🤖 AI Summary
This work addresses the limitation of existing Text-to-SQL evaluation benchmarks, which lack authentic business logic and workflows, thereby failing to effectively assess model performance in private business intelligence settings. To bridge this gap, the authors propose the first business-logic-driven synthetic data generation framework that systematically integrates business roles, scenarios, and workflows, while incorporating a mechanism to control reasoning complexity. The framework ensures high-fidelity and diverse Text-to-SQL examples through business modeling, scenario-guided generation, complexity regulation, and SQL semantic alignment validation. Evaluated on Salesforce production databases, the synthesized data achieves 98.44% business authenticity—significantly outperforming OmniSQL and SQL-Factory—and reveals that state-of-the-art models attain only 42.86% execution accuracy on complex business queries.
📝 Abstract
Evaluating Text-to-SQL agents in private business intelligence (BI) settings is challenging due to the scarcity of realistic, domain-specific data. While synthetic evaluation data offers a scalable solution, existing generation methods fail to capture business realism--whether questions reflect realistic business logic and workflows. We propose a Business Logic-Driven Data Synthesis framework that generates data grounded in business personas, work scenarios, and workflows. In addition, we improve the data quality by imposing a business reasoning complexity control strategy that diversifies the analytical reasoning steps required to answer the questions.

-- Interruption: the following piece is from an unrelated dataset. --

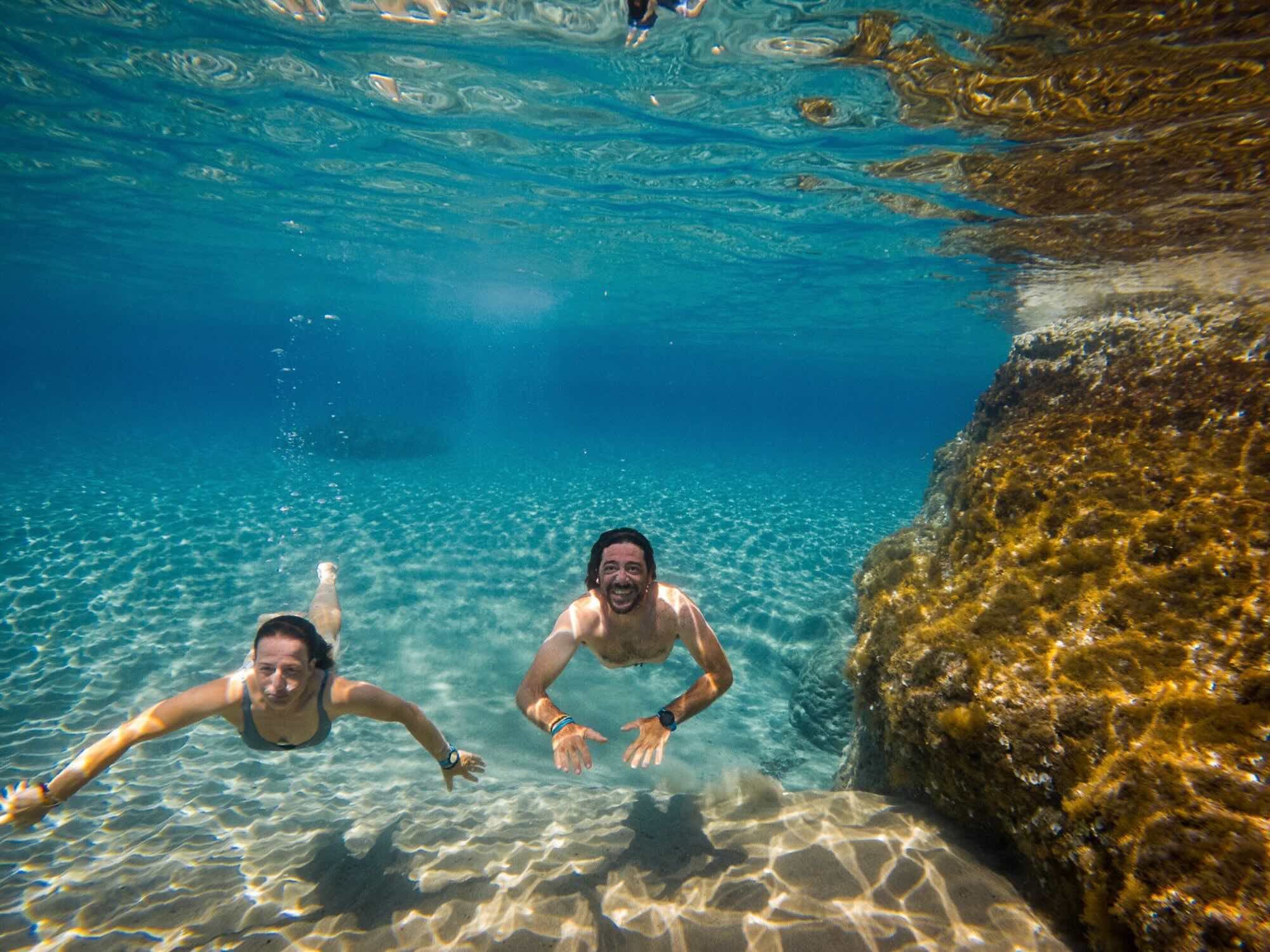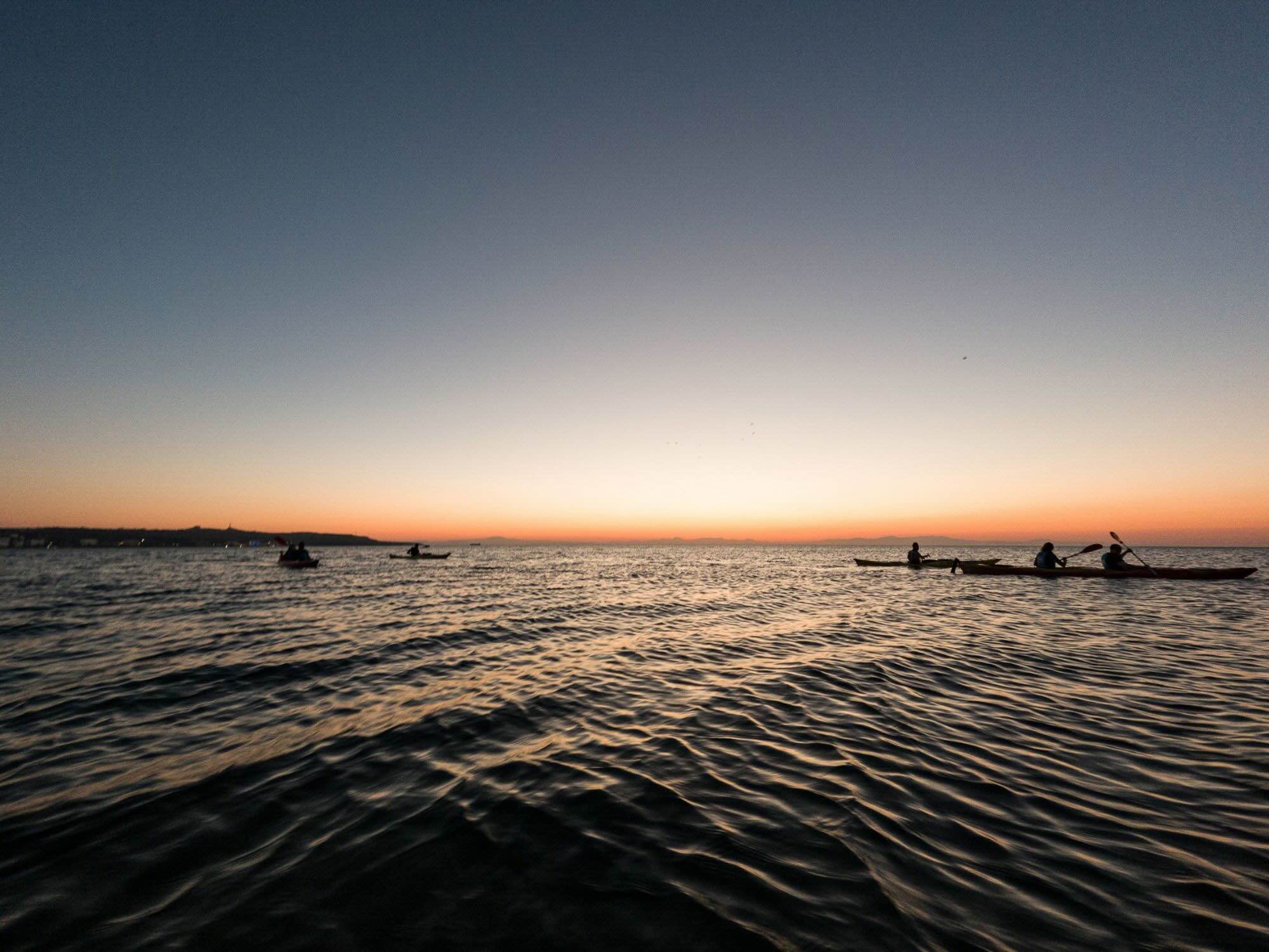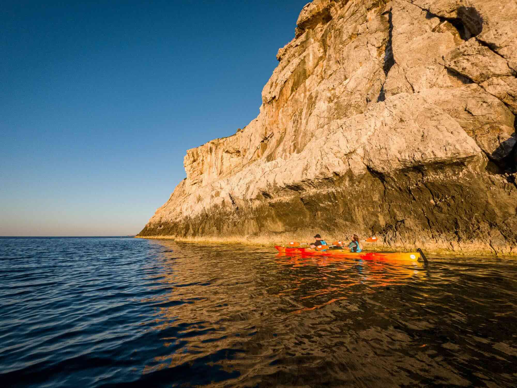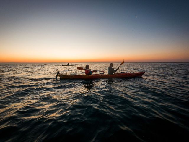 This kayak experience is one of a kind. Before dawn, you will set off on your journey towards the South, following the coastline. At this time of the day, almost no human activity can disturb the serenity and beauty of the scenery. When approaching Antony Quinn's Bay you will slow down and wait for the sunrise! What a fantastic feeling and incredible golden colours! Everything turns red and orange, the sea is shining, and you are finally awarded for the early wake-up call. Paddle distance is 6km

Experiments on a production-scale Salesforce database show that our synthesized data achieves high business realism (98.44%), substantially outperforming OmniSQL (+19.5%) and SQL-Factory (+54.7%), while maintaining strong question-SQL alignment (98.59%). Our synthetic data also reveals that state-of-the-art Text-to-SQL models still have significant performance gaps, achieving only 42.86% execution accuracy on the most complex business queries.